◆ **AIM OF THE EXERCISE**: Nothing but the lines from the one holding "Empecé a dedicarme" through the last line of the material below should be set down, exactly and without images.

◆ **PROVIDED DATA**:
○ ○ ○ ○ ○ ○ ○

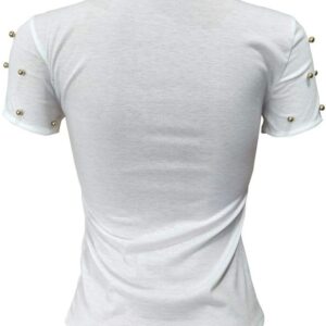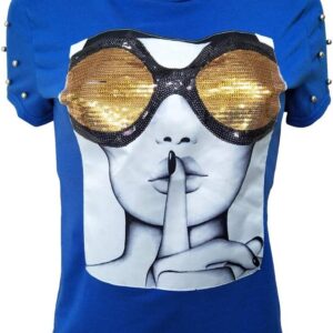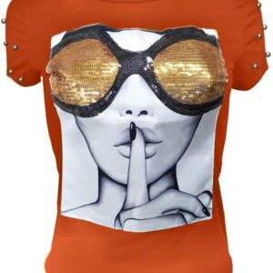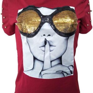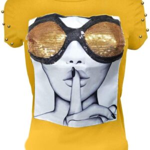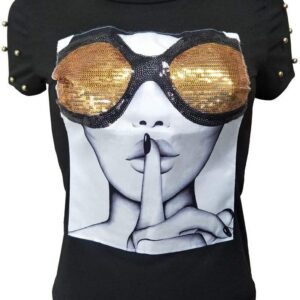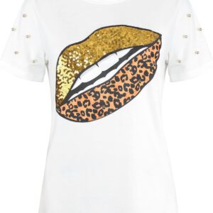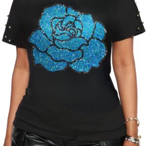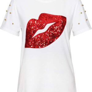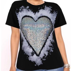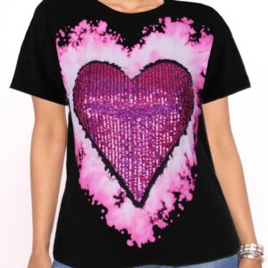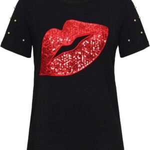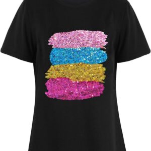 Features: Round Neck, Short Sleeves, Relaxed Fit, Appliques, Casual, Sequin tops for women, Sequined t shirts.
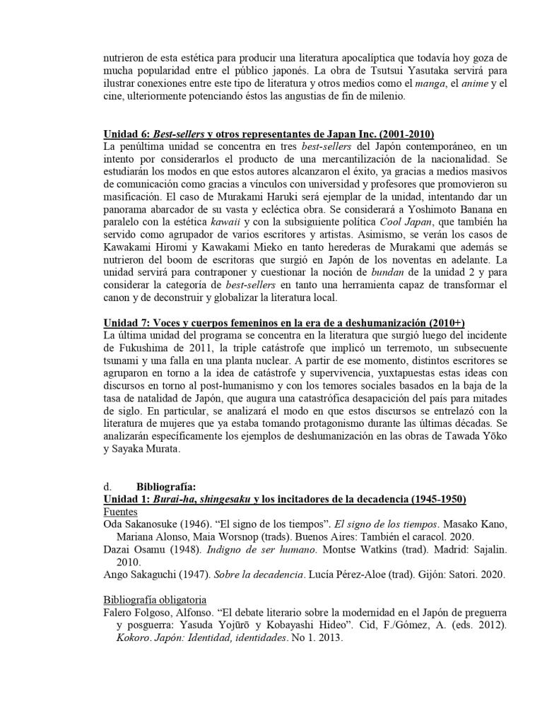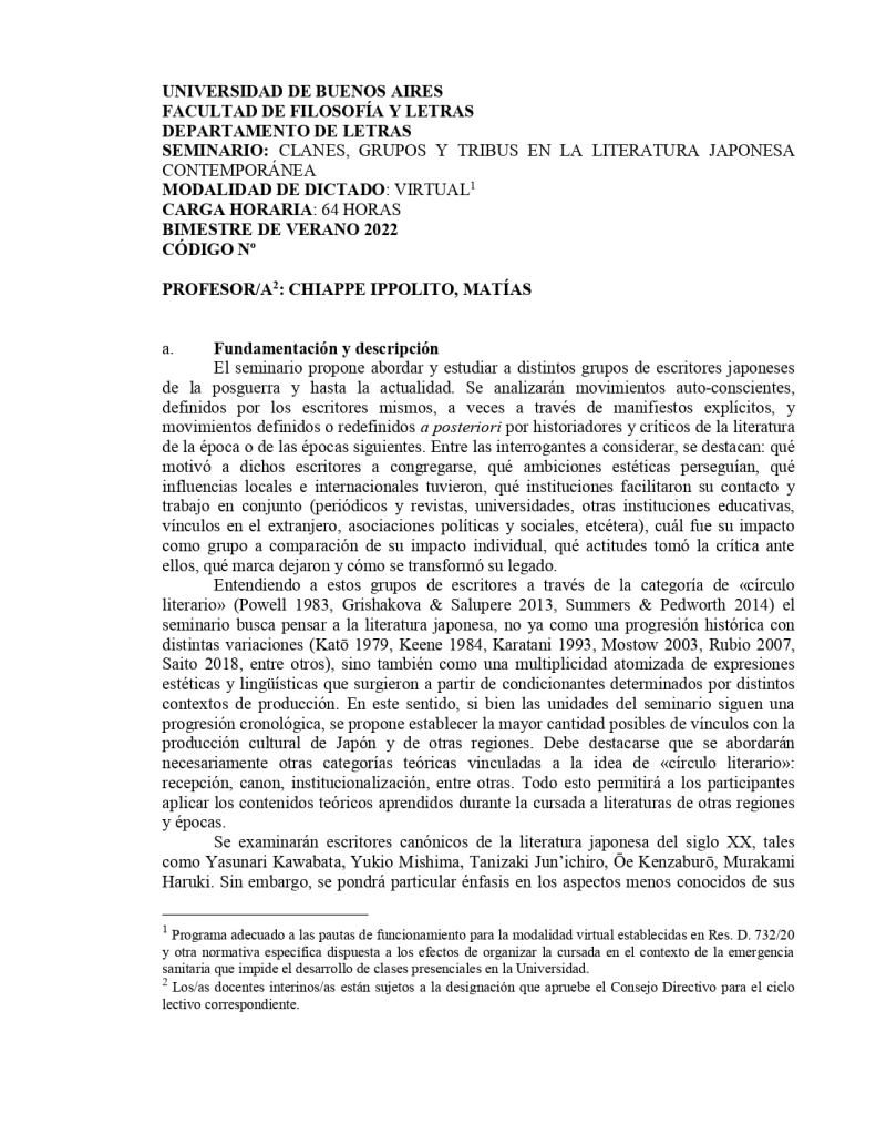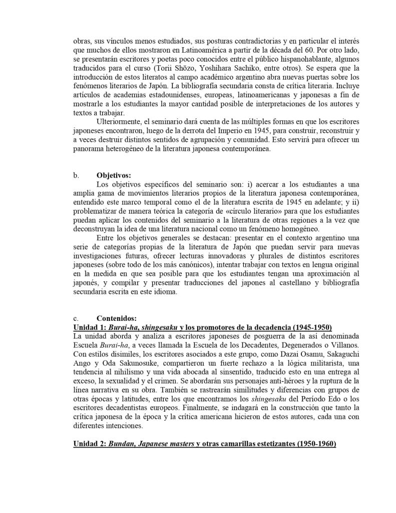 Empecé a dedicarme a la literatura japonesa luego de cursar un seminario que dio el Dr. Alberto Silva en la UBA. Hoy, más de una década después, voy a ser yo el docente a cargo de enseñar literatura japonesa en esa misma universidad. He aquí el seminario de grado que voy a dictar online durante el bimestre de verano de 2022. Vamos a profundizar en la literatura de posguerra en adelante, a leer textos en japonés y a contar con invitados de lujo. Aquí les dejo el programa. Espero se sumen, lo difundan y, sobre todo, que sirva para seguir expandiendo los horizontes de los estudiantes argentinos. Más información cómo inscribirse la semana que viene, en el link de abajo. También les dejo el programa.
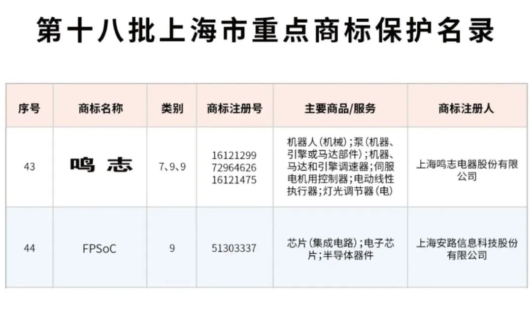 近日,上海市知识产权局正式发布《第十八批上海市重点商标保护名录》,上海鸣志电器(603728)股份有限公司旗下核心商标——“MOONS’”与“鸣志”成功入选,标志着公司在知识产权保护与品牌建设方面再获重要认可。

○ ○ ○ ○ ○ ○ ○

◆ **SOLUTION TO THIS PROBLEM**:
 Empecé a dedicarme a la literatura japonesa luego de cursar un seminario que dio el Dr. Alberto Silva en la UBA. Hoy, más de una década después, voy a ser yo el docente a cargo de enseñar literatura japonesa en esa misma universidad. He aquí el seminario de grado que voy a dictar online durante el bimestre de verano de 2022. Vamos a profundizar en la literatura de posguerra en adelante, a leer textos en japonés y a contar con invitados de lujo. Aquí les dejo el programa. Espero se sumen, lo difundan y, sobre todo, que sirva para seguir expandiendo los horizontes de los estudiantes argentinos. Más información cómo inscribirse la semana que viene, en el link de abajo. También les dejo el programa.
 近日,上海市知识产权局正式发布《第十八批上海市重点商标保护名录》,上海鸣志电器(603728)股份有限公司旗下核心商标——“MOONS’”与“鸣志”成功入选,标志着公司在知识产权保护与品牌建设方面再获重要认可。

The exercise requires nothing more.